◆ Information provided
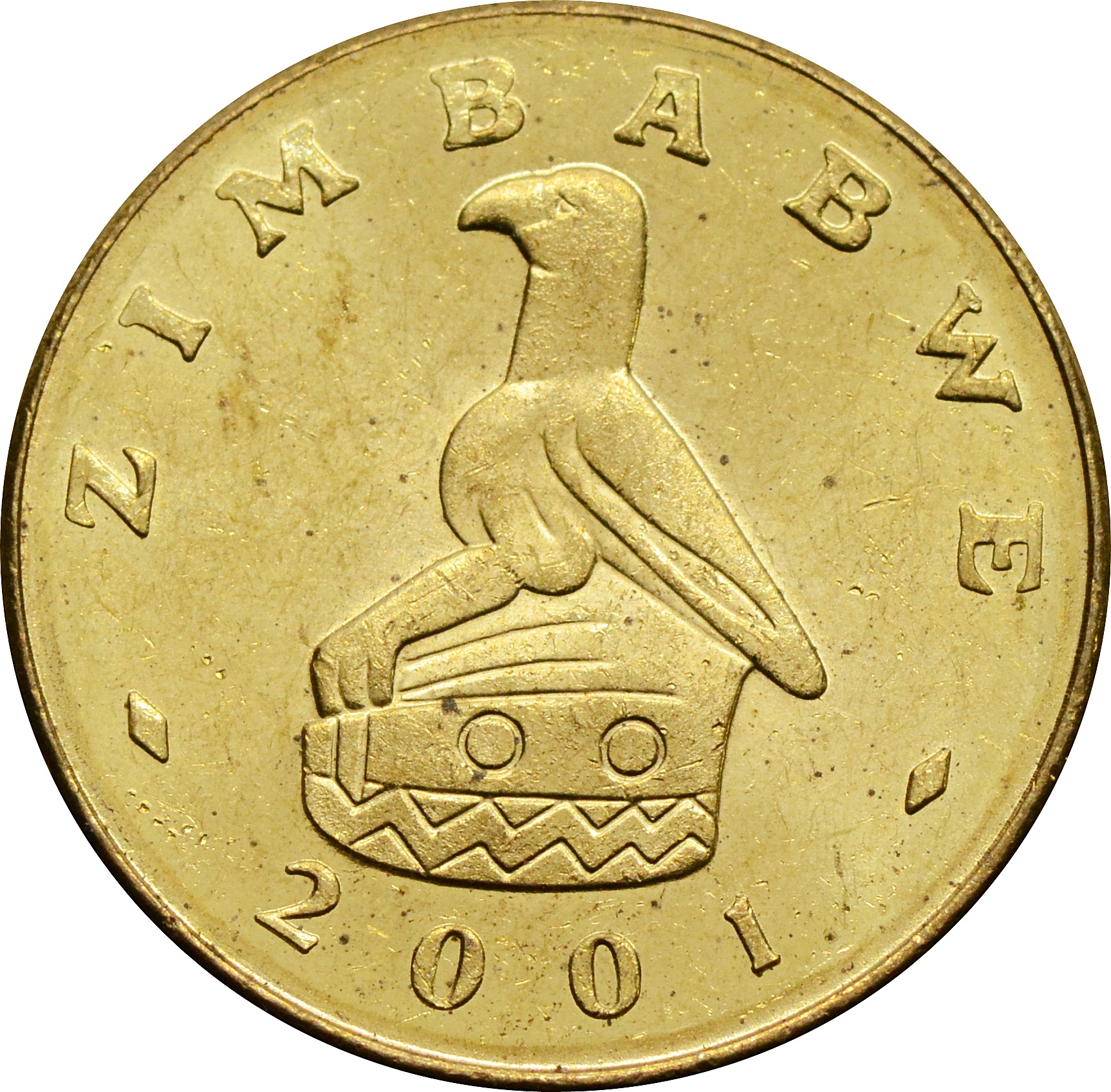 Аверс: в центре монеты изображена национальная эмблема - Птица Зимбабве. Вверху полукругом надпись: "ZIMBABWE", а внизу расположен год чеканки: "2001".
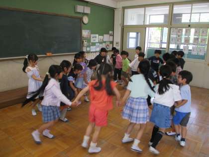 音楽の学習では、リズムに合わせて身体を動かしたり歌ったりしています。
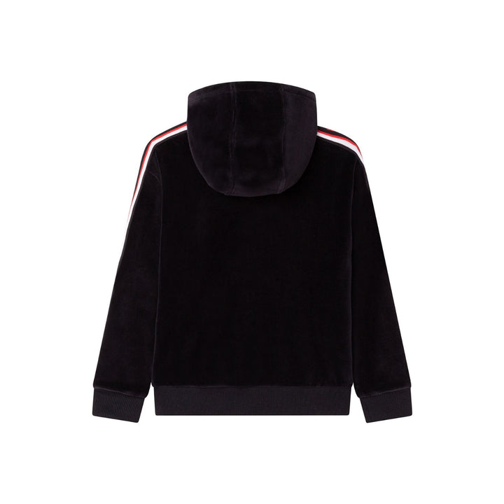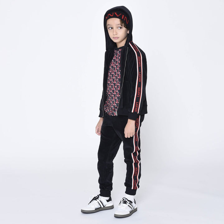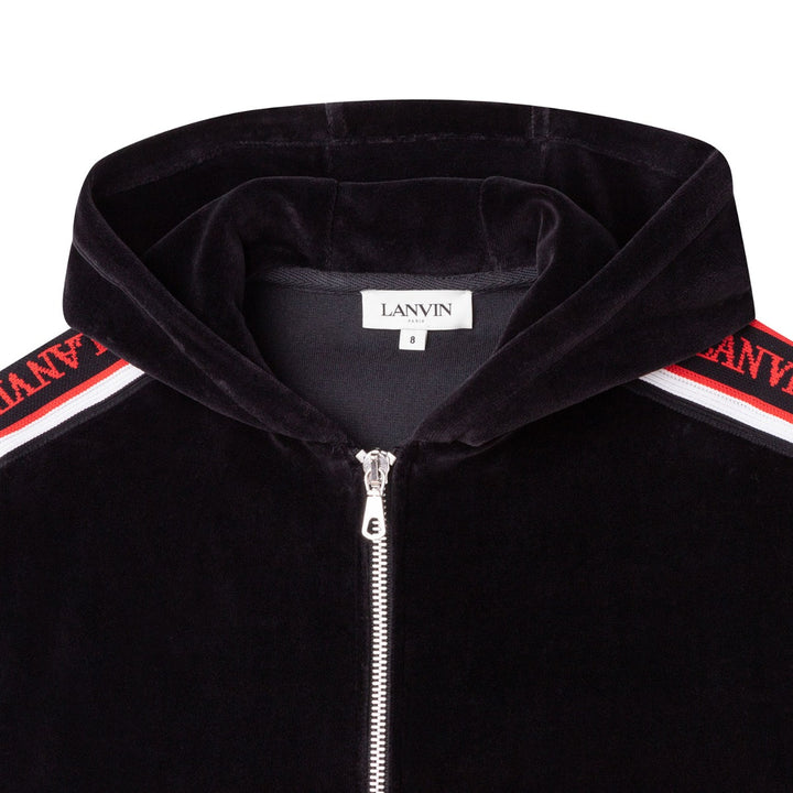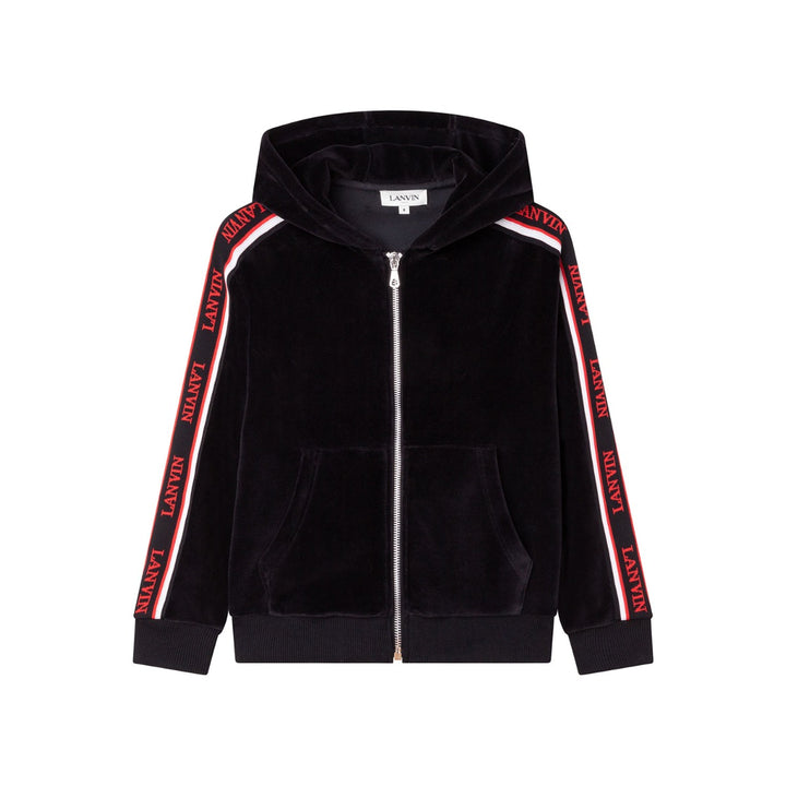 Lanvin black hooded cardigan with a zip in fron and a red border on the side from shoulder to hand length sleeve. Your boys will rock the cardigan.

◆ Assignment
Give the data back exactly, omitting all pictures.

◆ Exercise result
 Аверс: в центре монеты изображена национальная эмблема - Птица Зимбабве. Вверху полукругом надпись: "ZIMBABWE", а внизу расположен год чеканки: "2001".
 音楽の学習では、リズムに合わせて身体を動かしたり歌ったりしています。
 Lanvin black hooded cardigan with a zip in fron and a red border on the side from shoulder to hand length sleeve. Your boys will rock the cardigan.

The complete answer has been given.